As far as my career, it was only recently that I realized that full time motherhood is a career choice instead of a life choice. I feel blessed that I have been able to be a full time mom, especially as that career is headed toward its inevitable end. I don’t judge anyone who chooses or wants to work. As a matter of fact, I know a few moms that are better parents because they work. I am thankful that we live in a country where either choice is available. For me, though, hanging with my kids is one of my favorite pastimes and volunteering and being involved in their activities in their younger days is a joy for me. We’ve made homemade cookies together, taken countless trips to the zoo, local museums and other local attractions. We’ve had a great run and have a few more years of hanging together, and I cherish every family dinner, outing and conversation we have. I am also grateful, though, that I’ve re-discovered my love of writing the past few years and not just for my own enjoyment. Starting this blog has been one of the most rewarding things I’ve done for myself and I am grateful for each of my readers and feel a huge responsibility to bring you the best writing I can deliver. Thank you for being a part of the process.

Then there’s the body. Crap! If there’s one part of my life I’ve neglected, there it is. As a young woman, I smoked. When you smoke, staying thin is so much easier.

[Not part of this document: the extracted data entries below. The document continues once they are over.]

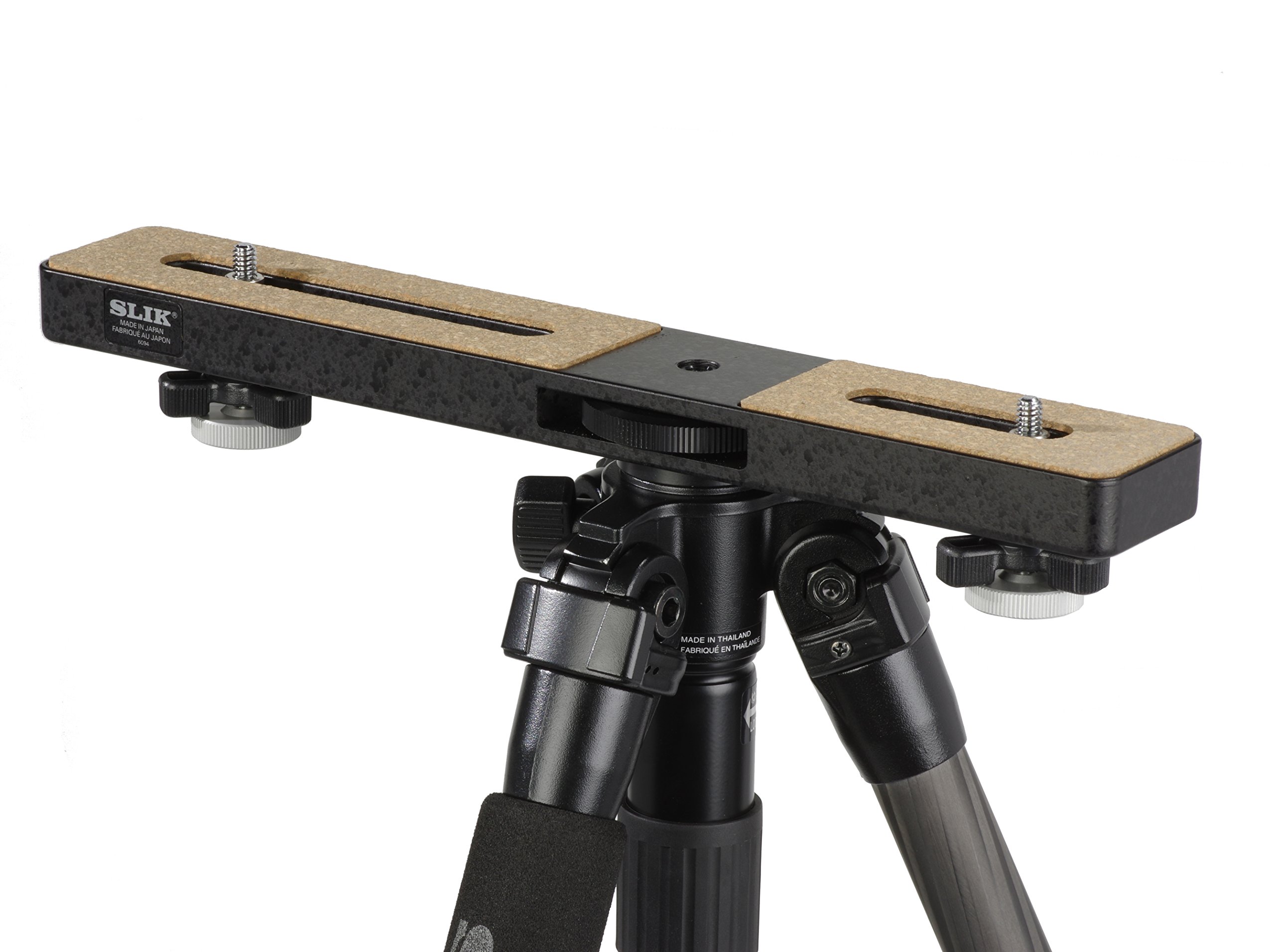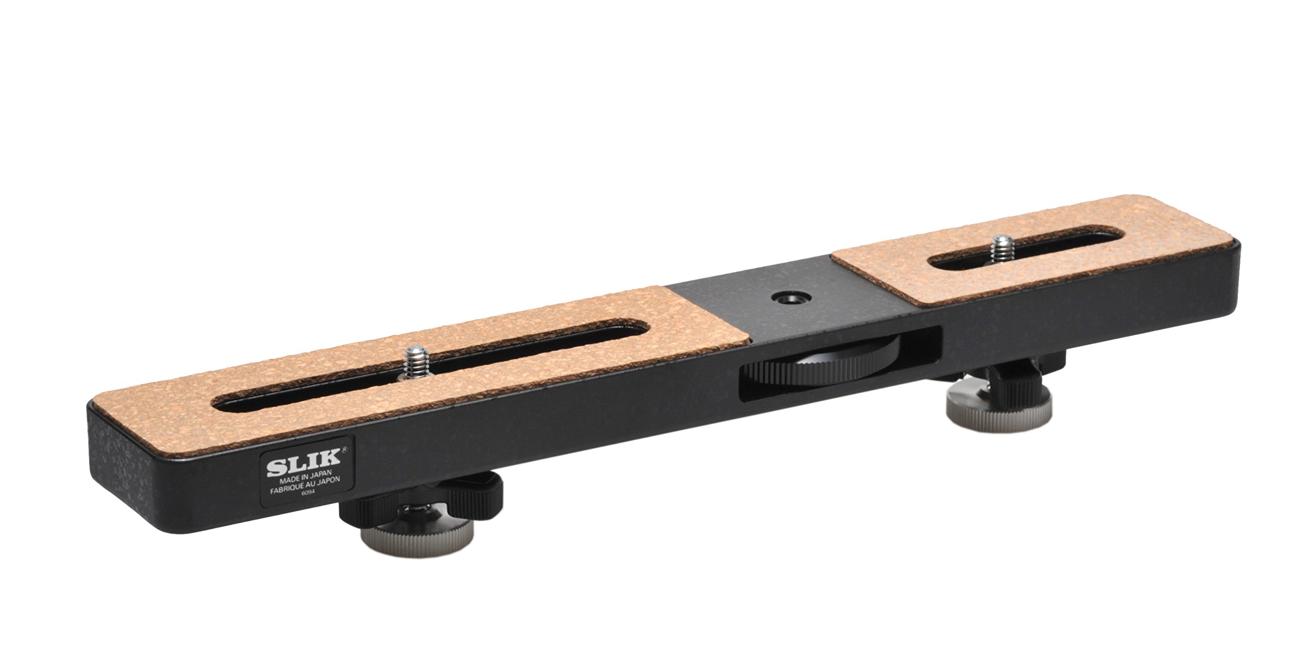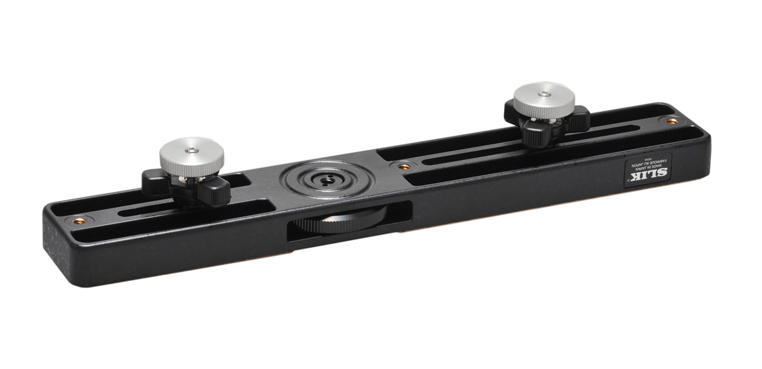 Main tripod mounting screws are not installed in the center so that two different cameras with different weights such as "camera with telephoto lens and camera with wide angle lens" can be mounted and balanced.
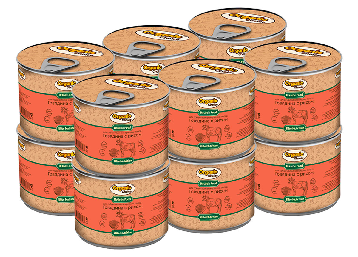 Organic Сhoice влажный корм для взрослых собак мелких и средних пород говядина с рисом, в консервах - 240 г х 12 шт
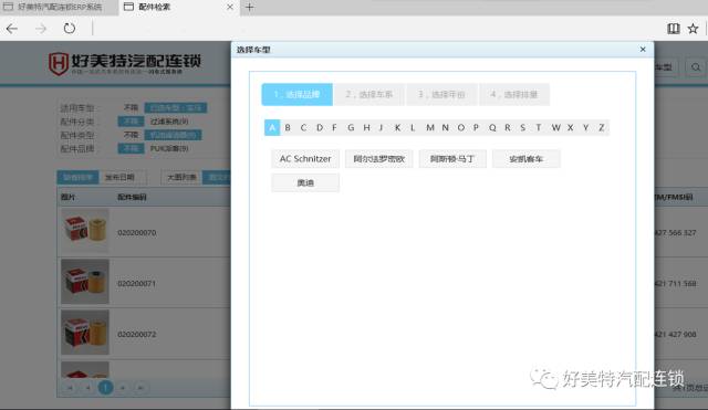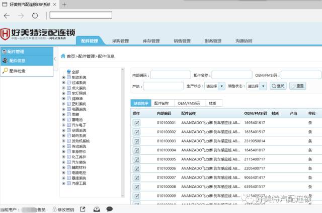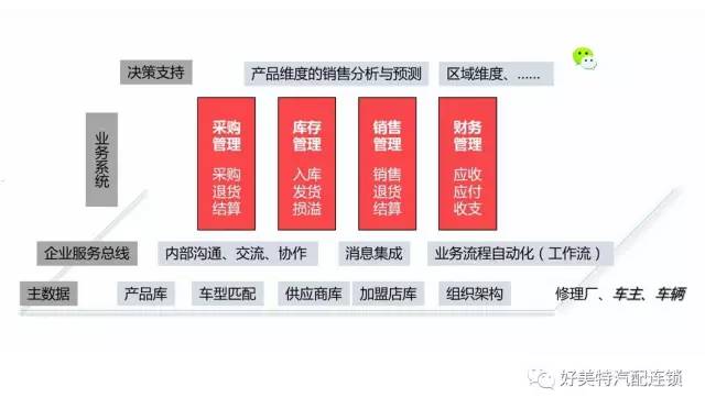 在好美特汽配的数据化、平台化战略布局中,包括ERP、微信商城,以及物流管理体系等;微信商城与ERP是一体化的,是前端与后台的关系,提供修理厂客户实现:技术参数查询、价格查询、车型匹配、图片查询。
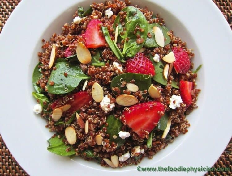 Quinoa Salad with Spinach, Strawberries and Goat Cheese
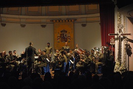 No faltaron a esta cita ni las saetas de los saeteros Alex Ortiz y de Paquita Gómez, ni las marchas procesionales interpretadas por la Unidad de Música del Cuartel General de la Fuerza Terrestre.
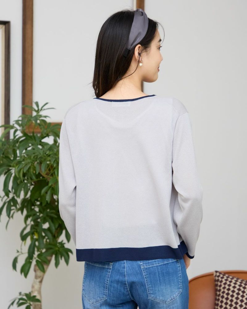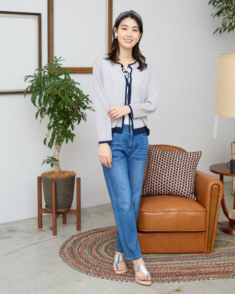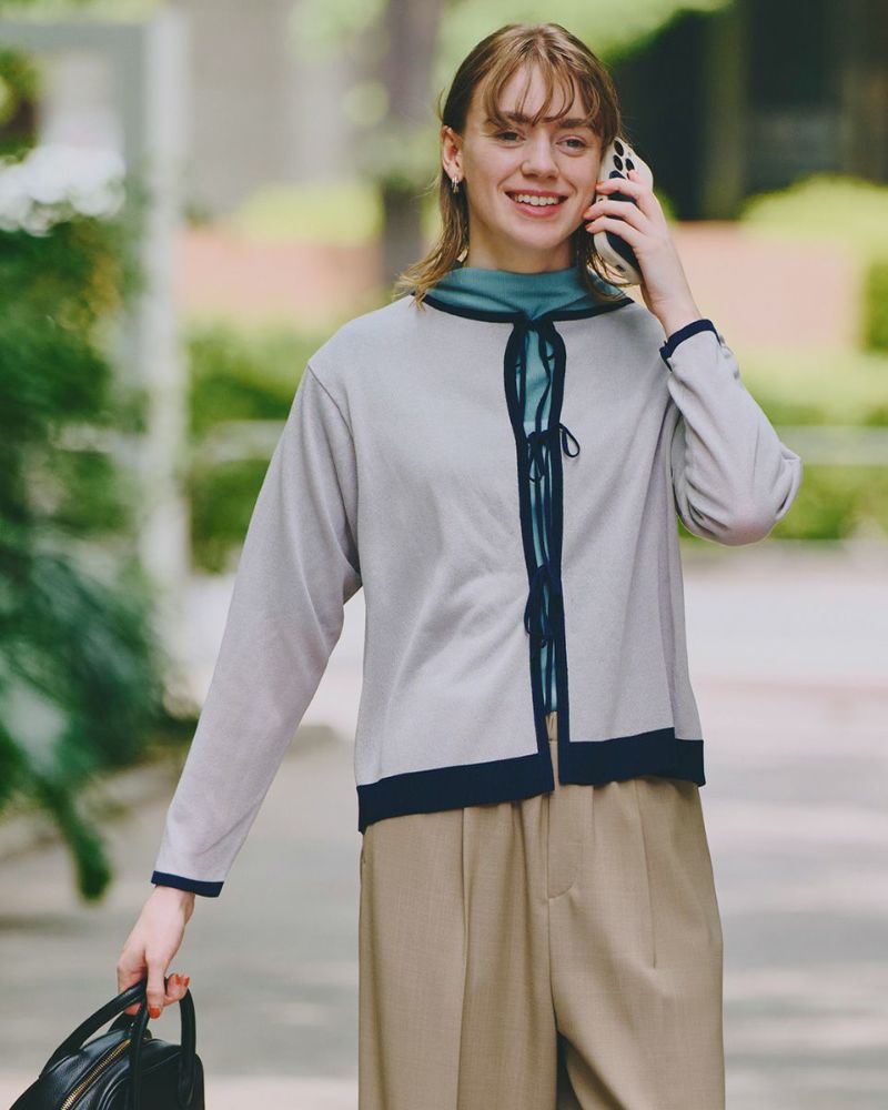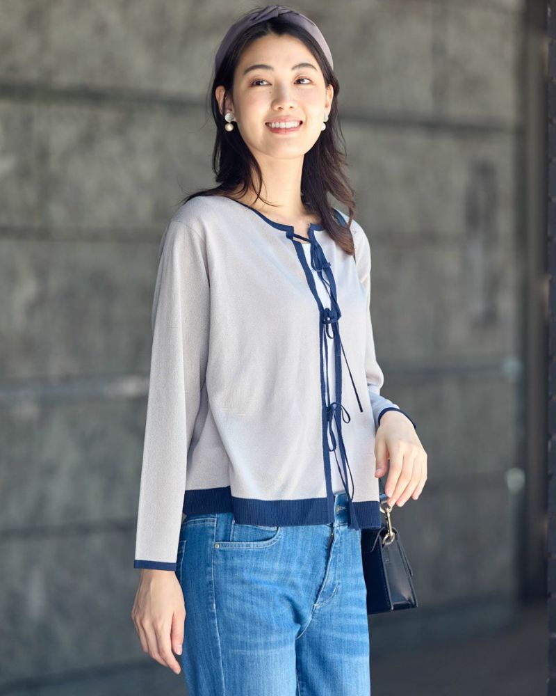ほどよいシャリみとツヤ感があるハイゲージの編地はキレイめな表情が魅力。長袖に設定したカーディガンですが毛羽感も無いため熱がこもらずサラッと肌当たりも涼やか。配色のトリミングとフロントのリボン使いがアイキャッチになる1着。セットインスリーブできちんとした印象もあるためオフィスや学校行事での着用もおすすめ。フロントのリボンは結んでポイントにしたり垂らしたままラフさを演出してもOK。フェミニンなアイテムなのでデニムと合わせたミックスコーディネートやカーディガンを主役にワンピースに羽織るスタイルも素敵です。ニュアンスのある落ち着いた配色は秋カラーとも馴染み10月頃までお召しいただけます。
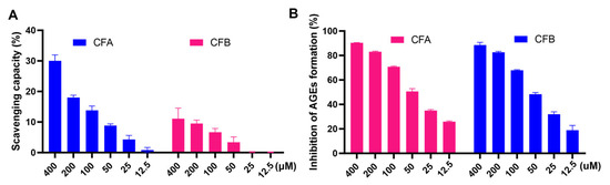 Antioxidant capacity is identified as a key mechanism that involves in the anti-ferroptosis [67] and anti-apoptosis [68] effects of dietary natural products. Thus, we conducted two antioxidant assays including the DPPH free radical scavenging and AGEs inhibition assay. In the DPPH assay, CFA (concentrations ranged from 12.5 to 400 μM) showed an antioxidant capacity with a free radicals scavenging rate of 0.8–26.8%, respectively. CFB showed a weaker antioxidant capacity with a scavenging rate of 0.0% to 11.1% at 12.5–400 μM, respectively. In the AGEs inhibition assay, both CFA and CFB showed promising anti-glycation effects against MGO-induced AGEs formation of 25.9%, 35.0%, 50.5%, 70.7%, 83.1%, and 90.4%, and by 19.0%, 31.9%, 48.3%, 67.9%, 82.6%, and 88.6%, at the concentrations of 12.5, 25, 50, 100, 200, and 400 μM, respectively (Figure 9).
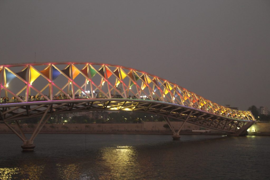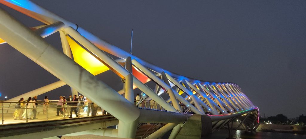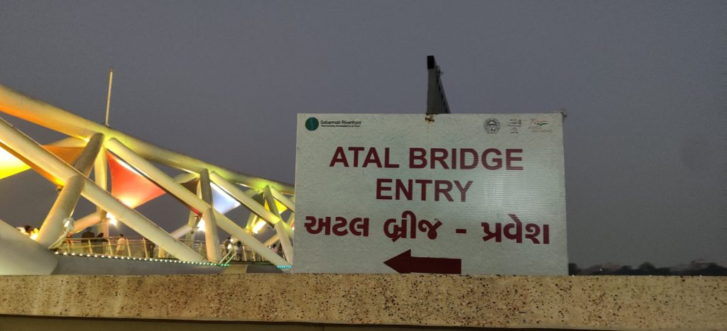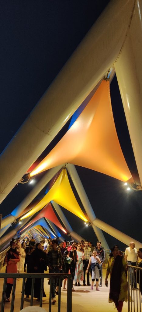 The Atal bridge comes alive with people walking from one end of the bridge to the other and the multi-colored lights across the bridge which come on around dusk make for a fascinating sight.
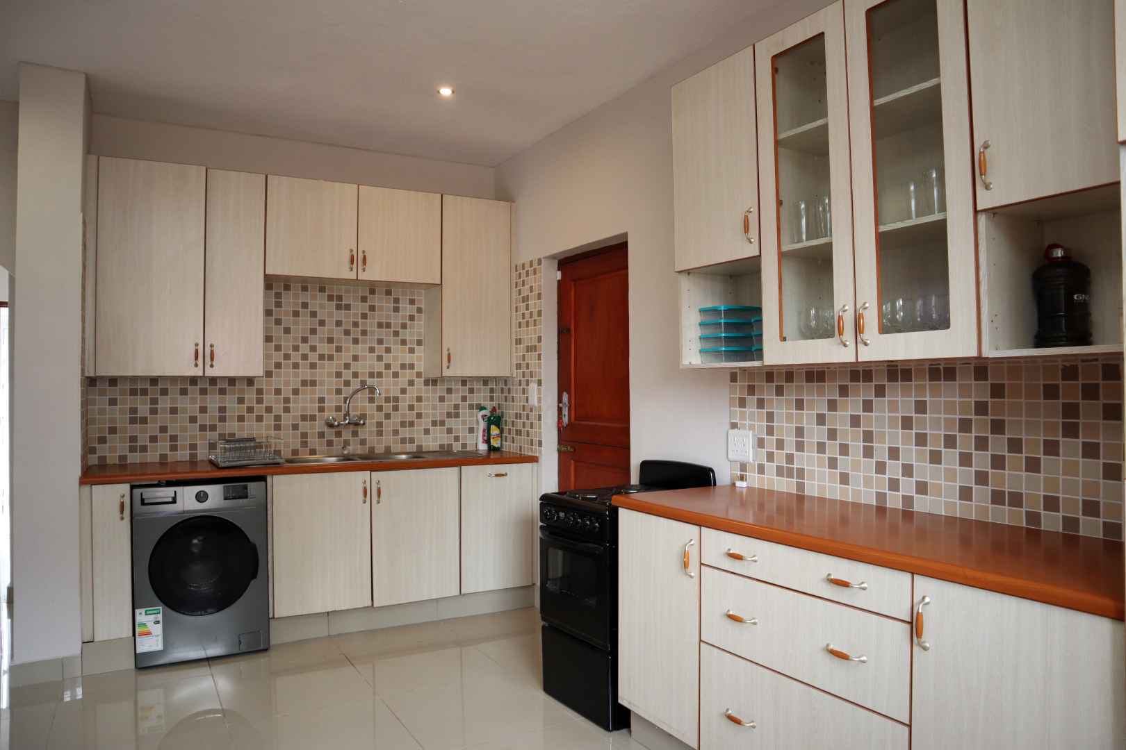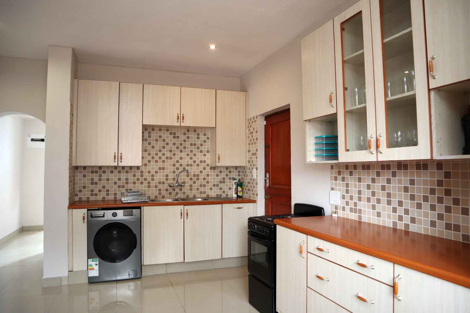 A spacious communal kitchen shared by two of the rooms, equipped with essential appliances.
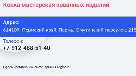 Ковка, мастерская кованных изделий по адресу 614109, Пермский край, Пермь, Омутинский переулок, 218 в дальнейшем Организация, размещена в следующих категориях:

I quit after my oldest was born because I just couldn’t imagine damaging his little pink lungs. It was the most difficult thing I’ve ever done and one of the things I’m most proud of that I’ve ever done, but it’s had its consequences too. After my first birth, I was back in shape in three weeks and all was well. I think I replaced my addiction to cigarettes with my baby and exercise. My dad died after son number two and was in the process of dying through the entire pregnancy. I gained 65 pounds and didn’t recover well afterward. Ironically, I gained no weight with my third son until the day he was born by emergency c-section when I gained 12 pounds from all the drugs. The trauma my poor body went through in those three or so years between my second and third child still lingers twelve years later because taking care of others became the focus of my life, especially my child with extraordinary needs. As my children become independent young men, I find that I want to take better care of my body, not by beating it into submission through exercise and restrictive and punishing dieting, but by learning to make my health a loving priority that will help me feel better for a lifetime. It’s a process for sure, but one that is teaching me so much about myself, my life and how I want to be in this world.

I’ve always said I planned to live to be at least 100 years old, so maybe my writer’s block was a way for me to process a mid-life crisis. Maybe this time of falling leaves and falling temperatures is teaching me what I need to let fall from my life as I enter the Autumn season of my parenting. Maybe this writer’s block combined with turning fifty is exactly what I need at this point in my life. One thing I know for sure is that I feel so very blessed that the block is gone and the words are flowing once again. I’m excited to see where it will take me and I look forward to sharing the journey with all who care to come along for the ride. Thanks for being you and have a great day!!